Not sure who to recommend this book to but know that Aviv’s even-handed treatment of each case (there’s no hint of lecturing to her readers) makes for interesting reading.

4/5

11 responses

    • Yes, at the time she was considered the youngest known patient but now, years later it would seem she was misdiagnosed (which obviously has its own consequences). She speaks about the legacy of that in the final chapter.

  1. This does sound interesting. The actor David Harewood made a documentary a while back about mental health particularly with young men of colour. He’d had a psychotic episode in his early 20s. I don’t know if you can get it but it might be of interest if you’ve not seen it? I think it was on the BBC.

    • I’ll have to hunt this down.
      There were some interesting observations in the book about suicide and Black people – essentially a lower suicide rate because culturally they ‘endure’ (I have over-simplified this but you get the idea). It contributes to the broader theme of the need to tailor supports for different groups and understand their specific cultural/social/ gender etc needs. This is very, very, very slowly starting to happen in Australia with services becoming culturally sensitive but there is a long way to go for true equity and safety.

  2. Oh this sounds fascinating. I’ve recently become an accredited mental health first aider and the first thing we were taught was not to try and solve people’s problems for them, which is the antithesis of how we are all conditioned (and especially if you are well educated) to find solutions. Sometimes it’s enough just to listen to people talk frankly and openly.

    Oh, and what a perfect cover for this book; it’s disquieting.

    • When friends talk to me about stuff I always ask, “Do you want the friend response or the therapist response?” Because friends ‘solve’ and therapists simply listen (I don’t want to reduce my job to ‘simply listening’ because it is slightly more complex than that but essentially everyone has their own answers, they sometimes need help finding them).
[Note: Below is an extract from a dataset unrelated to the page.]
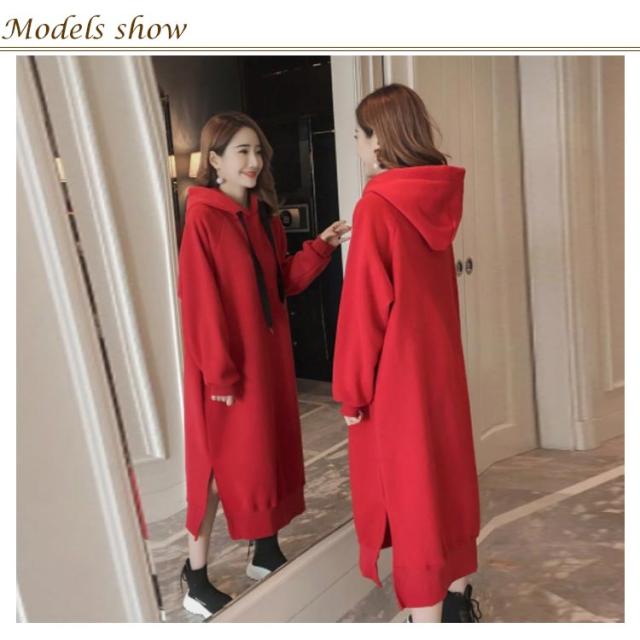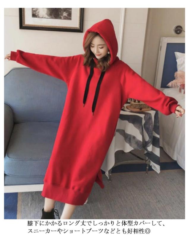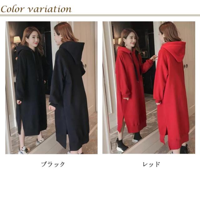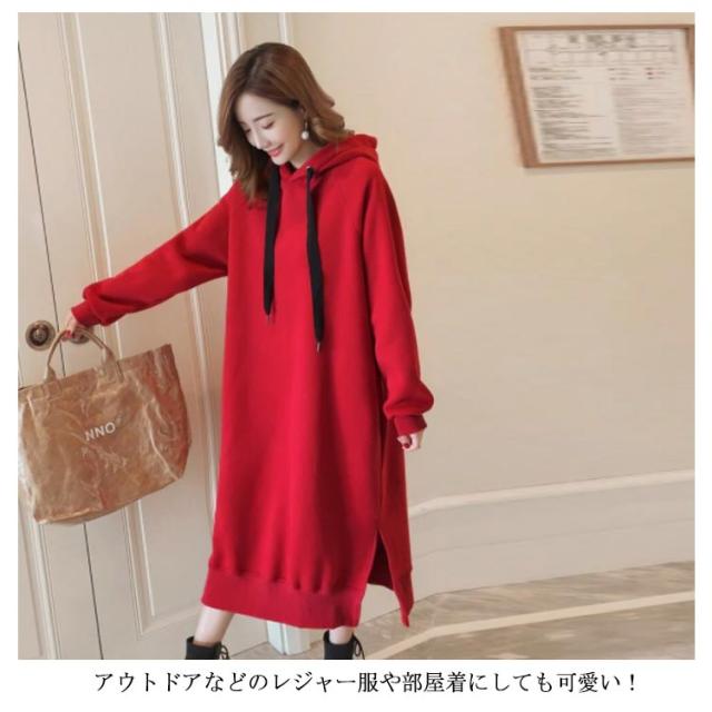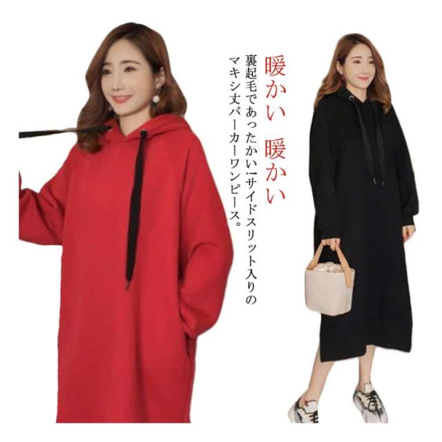 裏起毛であったかい!ロングパーカーワンピース ワンピース パーカーワンピース マキシワンピース フード付き パーカワンピ スリット ロングワンピース 裏起毛 ゆったり 暖かい 秋冬 体型カバー

      What prompted you to do mental health training?

      Agree about the cover – so clever.

      • Mental first aid is essentially just being a link in the chain…on the way to getting them to professional help, which would be where a therapist would step in (or an ambulance if it was life threatening). The course was offered at work, which is why I did it, but I also secretly wondered if it might help with my high levels of anxiety!

        We get offered some brilliant courses so I always try to make time for them because it’s been YEARS since any organisation I worked for offered any kind of training. In the past year, I’ve done diversity and inclusion training and a course on systems thinking, but the best one was delivered by Noongar elders on cultural awareness.

  3. This sounds like a very sobering but well-rounded book. Looking at mental illness from that perspective does cast it in a new light I’d never really of before.